是夜,待到楚瑞图和楚怀清归家已经是戌时末,夜色如墨。
郑氏还在前厅候着,今天倒是奇怪,平日哪有那么晚了还不归家的。郑氏心中倒是有些不安。
见两人归家,,她才把心放肚子里了,忙迎上去,送了两杯热茶。
楚怀清疲乏得很,安抚好了妻子,便让她早些去休息,明日他再去给郑老夫人请安。
今日,当务之急还是忙让人请了楚昭明去书房议事。
“孙儿见过父亲,见过祖父。”楚昭明原本都打算歇下了,听到祖父父亲漏夜叫她,想来今天事情应该也是不小,忙更了衣去书房,可怜青禾都睡下了,又被提了起来。
“无妨坐吧。”楚瑞图示意楚昭明一同坐下叙话,“今天也晚了,本也是不想叫你跑着一趟的,平白折腾,可今日发生了一桩大事,怀清你说吧。”
楚怀清道,“今日太子在朝堂之上突然发难,说京中有禁药,也就是那神仙散,私下贩售,恐牵连甚广,此等藐视皇权之事,垦请陛下彻查此事。”
原又是为了那神仙散,要说着李允慎,当真是个有城府心机的。
楚昭明不过略提了一嘴“养和堂”的消息,他倒真的是记在了心里。就凭着这无凭无据的三言两语,倒是真叫他查出了些东西。
……
今日早朝之上。
“啪!”一声脆响,惊得满朝文武心头一颤。官家将太子呈上的折奏重重地掷到地上,“当真是胆大妄为好一个太平盛世!好一个朗朗乾坤!”官家的声音不大,却带着雷霆威压,在大殿内反复回荡。
“朕以为京师乃天下表率,法度森严,却没想到,这金瓦之下,竟也藏污纳垢至此!那些药铺,打着济世救人的幌子,行的却是鸩杀害命的勾当!私藏禁药,是要毁了百姓,毁了朝纲啊!”
说到最后,官家声音陡然拔高,带着几分怒不可遏。
冯家当日事发,官家为了自己颜面还有朝中那么多权贵的颜面,并未深究。只盼着这些人能识时务,严整家风。
可这才几日啊!一帮子不争气的东西,给脸不要。
“官家息怒,此毒危害甚大,为求天下太平,依儿臣之见,此事当严查!”太子立于阶下,面色凝重,眼熟略扫过一旁的郕王。
官家手指向殿外,指着朱雀门的方向,喝道:“传朕旨意!即刻起,京城九门严加看守,严查京中所有药铺!无论字号大小,无论背景深浅,上至百年老字号,下至街边草药摊,一并严加搜检!”
官家的每一个字都带着寒意,“凡发现私藏禁药、违禁配方者,一律收监,抄没家产,查封铺面。朕倒要看看,是谁给了他们这么大的胆子,”
官家打量着站在一旁的太子,“允承,你身为太子,可愿领命督查?”
“儿臣责无旁贷。”李允承无暇去看一旁郕王那黑得几乎能滴出墨的脸色,这个机会,他不能错过。“儿臣定当严查此事,必不使一人喊冤,也定不轻纵。”
“好,那朕就将此事,全权委任给你,朝中要用些什么人,你自己去挑。尔等需鼎力襄助。”
“儿臣多谢父皇信任,必不会姑息养奸。”
闻言,官家目光深幽却未再发一言。
大殿之内死一般的寂静后,文武百官皆伏地叩首,齐声高呼:“官家息怒,臣等遵旨!”
……
楚昭明看着祖父和父亲面色凝重,“祖父、父亲,又是为着神仙散,那冯政南之事可会牵连祖父?”
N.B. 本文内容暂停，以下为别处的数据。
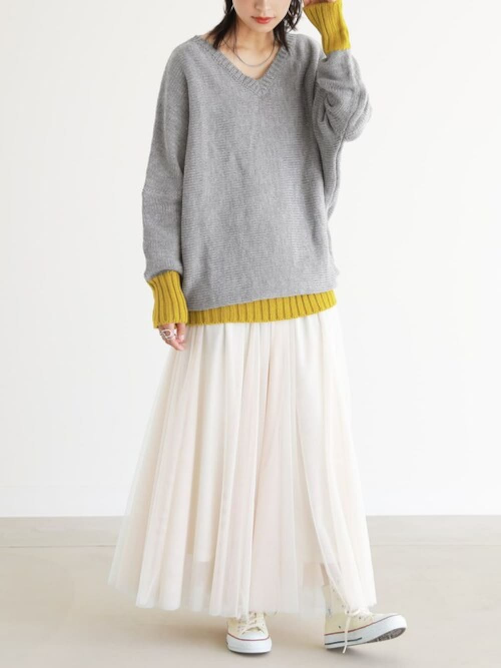 袖口&裾の配色切り替えが目を惹くニット。 ゆるっとしたシルエットでラフに着用できる一枚です。 スカート・パンツどちらにも合わせやすく、ゆるっとカジュアルなスタイリングをお楽しみいただけます。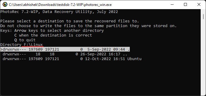 Você pode destacar uma pasta (veja o texto mais à direita para obter seu nome) e pressione a tecla Direita para entrar na pasta. Ou você pode pressionar a tecla Esquerda para retornar à pasta pai. Após selecionar (mais uma vez, marque ao lado do Diretório), pressione C para iniciar a recuperação.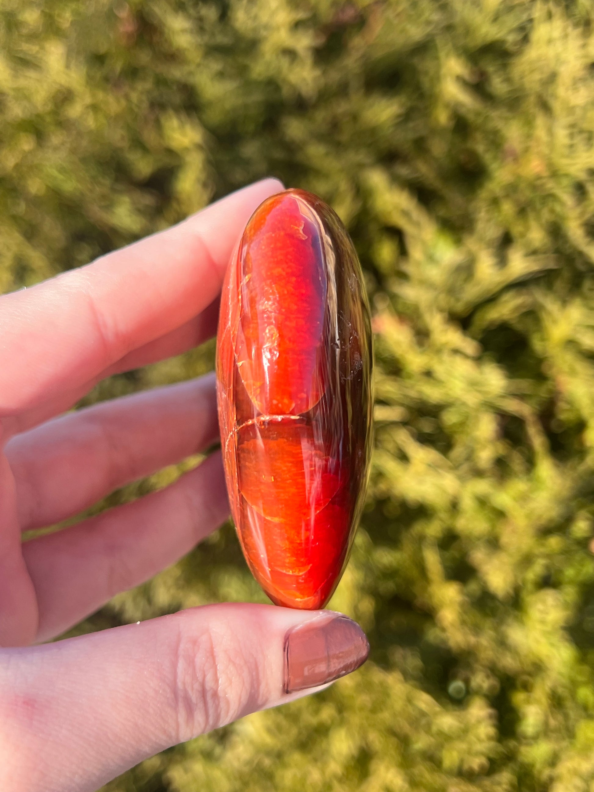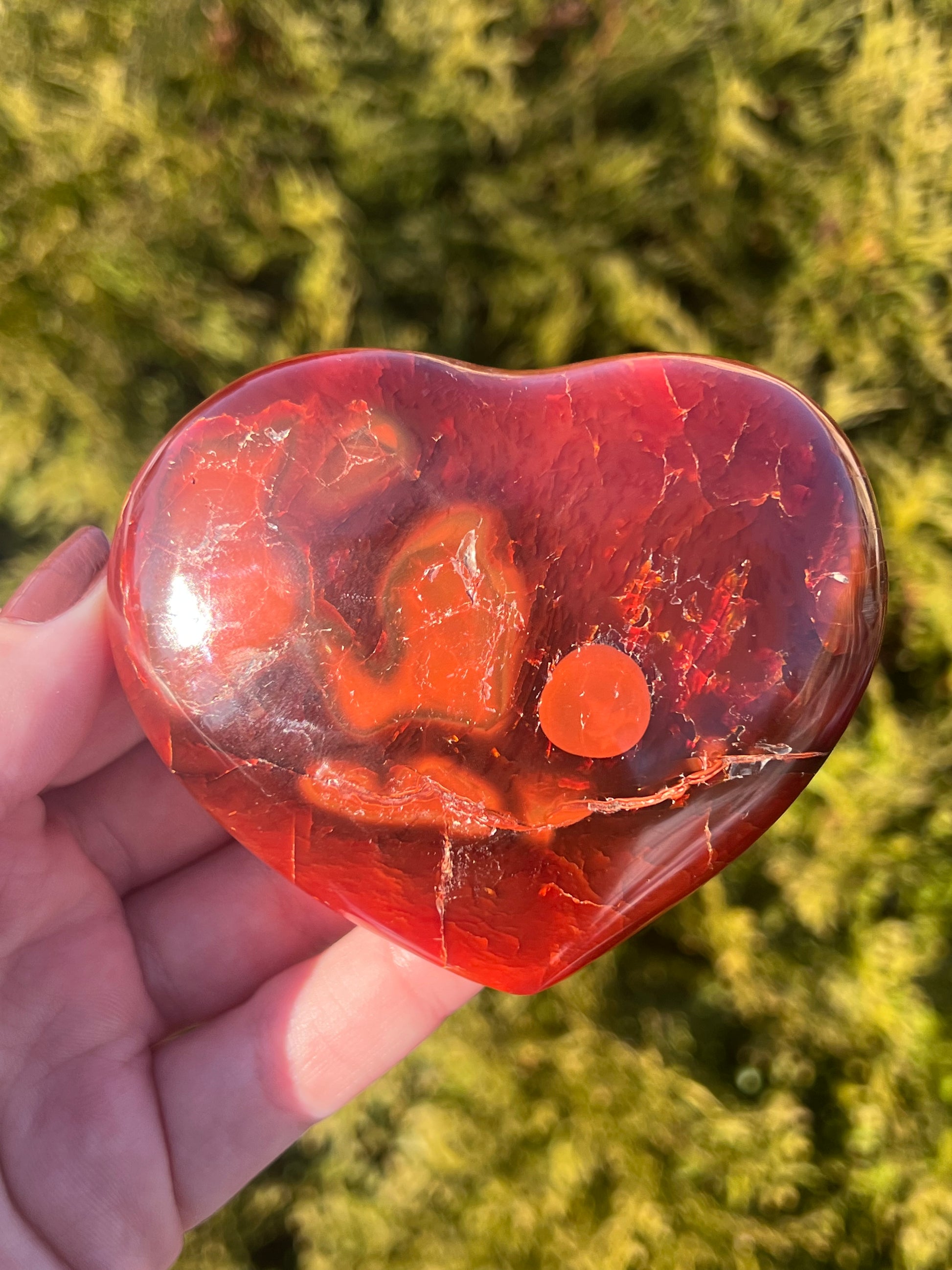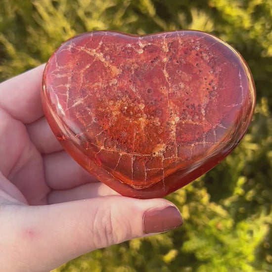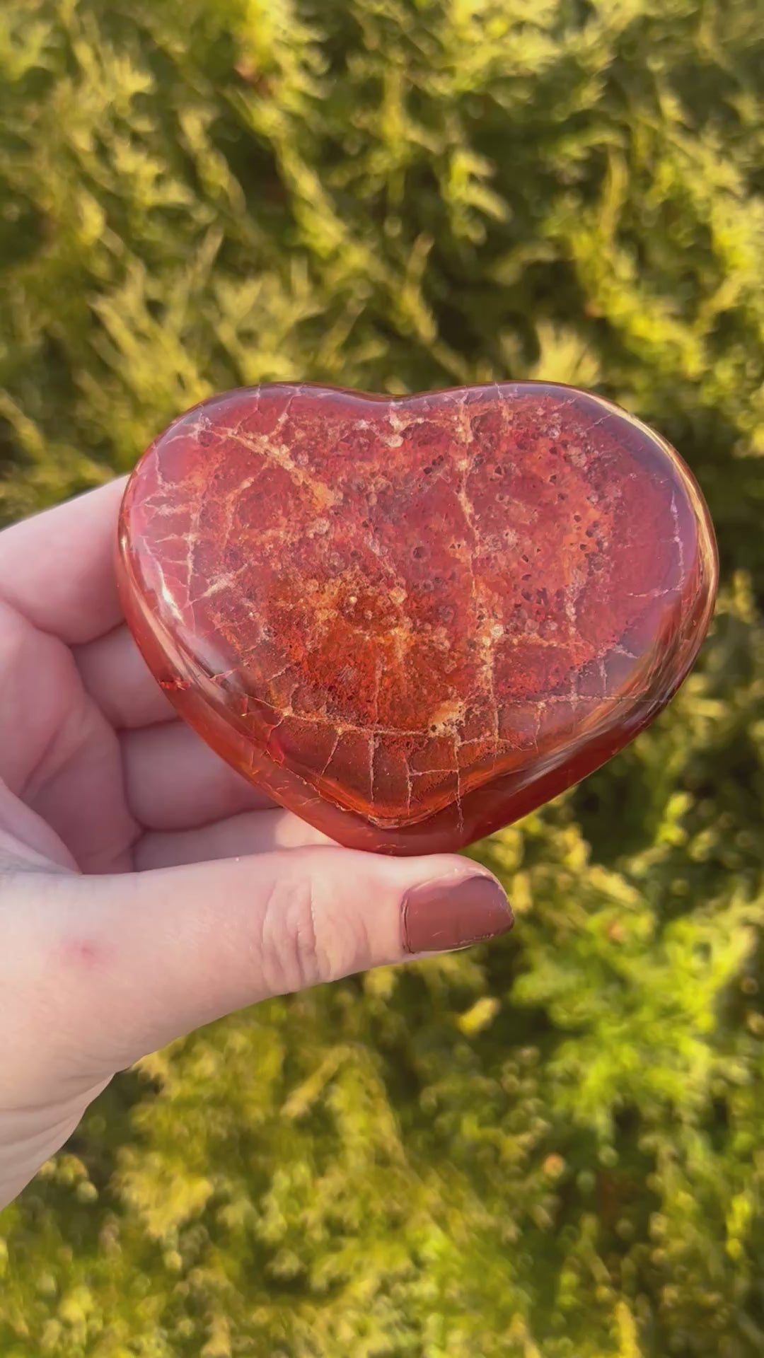 This polished carnelian heart radiates warm, fiery tones that symbolize passion, confidence, and vitality. Carnelian is known as a stone of motivation and courage, helping to boost creativity, self-confidence, and positive energy while encouraging action and determination.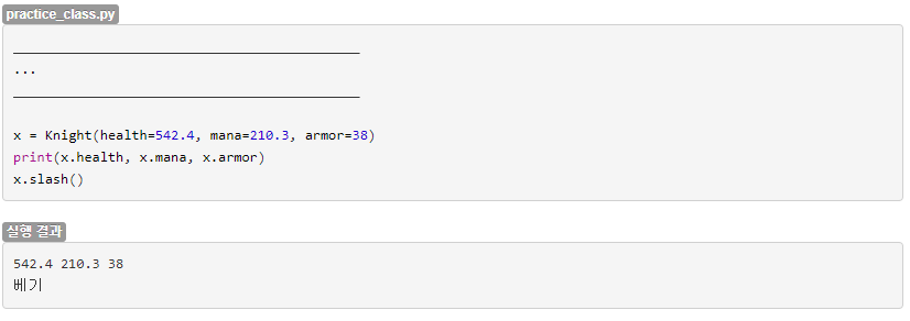 class Knight: def __init__(self, health, mana, armor): self.health = health self.mana = mana self.armor = armor def slash (self): print('베기') x = Knight(health=542.4, mana=210.3, armor=38) print(x.health, x.mana, x.armor) :: 542.4 210.3 38 x.slash() :: 베기728x90반응형'코딩도장 심사문제모음' 카테고리의 다른 글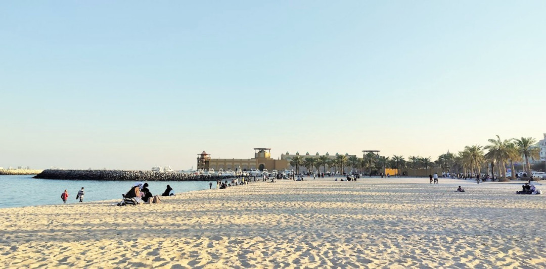 Marina Beach в районе Салмия протянулся вдоль Персидского залива по соседству с одноимённым парком, пятизвёздочным отелем и несколькими ресторанами международной кухни. Высокие пальмы, тихое море и мелководье делает пляж Марина идеальным местом для расслабленного отдыха и купания. Рядом с пляжем есть автопарковка, работают киоски с мороженым и напитками, пункты велопроката, скейт-парк, надувные горки для детей. Террасы некоторых кафе и ресторанов выходят прямо к воде.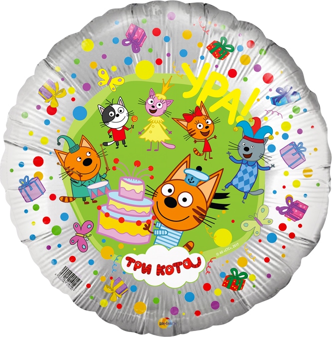 Д 18 Круг Три Кота, Серебро / 1 шт /, Фольгированный шар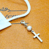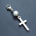 マスクチャーム アンティークシルバー ロザリオ(十字架)とメタルビーズのコンパクトなチャーム

楚瑞图沉了沉接过话道,“冯家那事,我早就回禀了官家,官家仁德圣明,是以并没有怪罪。”
是了,祖父一直都是谨慎的。楚昭明顿了顿,“祖父,官家圣明,可此事毕竟是从国子监闹开的,祖父还是要严加监管,若是再闹出点什事来,那才是大麻烦的。”
“你说得不错,日后国子监会严加审查,年后,我打算让所有人都住到监院里,若有什么变故,也能第一时间发现。”楚瑞图知道若是有人在春闱上出乱子,那就真的是在打官家的脸了。
“祖父思虑深远。”楚昭明笑着恭维倒,“敢问父亲一句,今日您和祖父那么晚才散值,莫不是太子钦点的人员里,也有您二位。”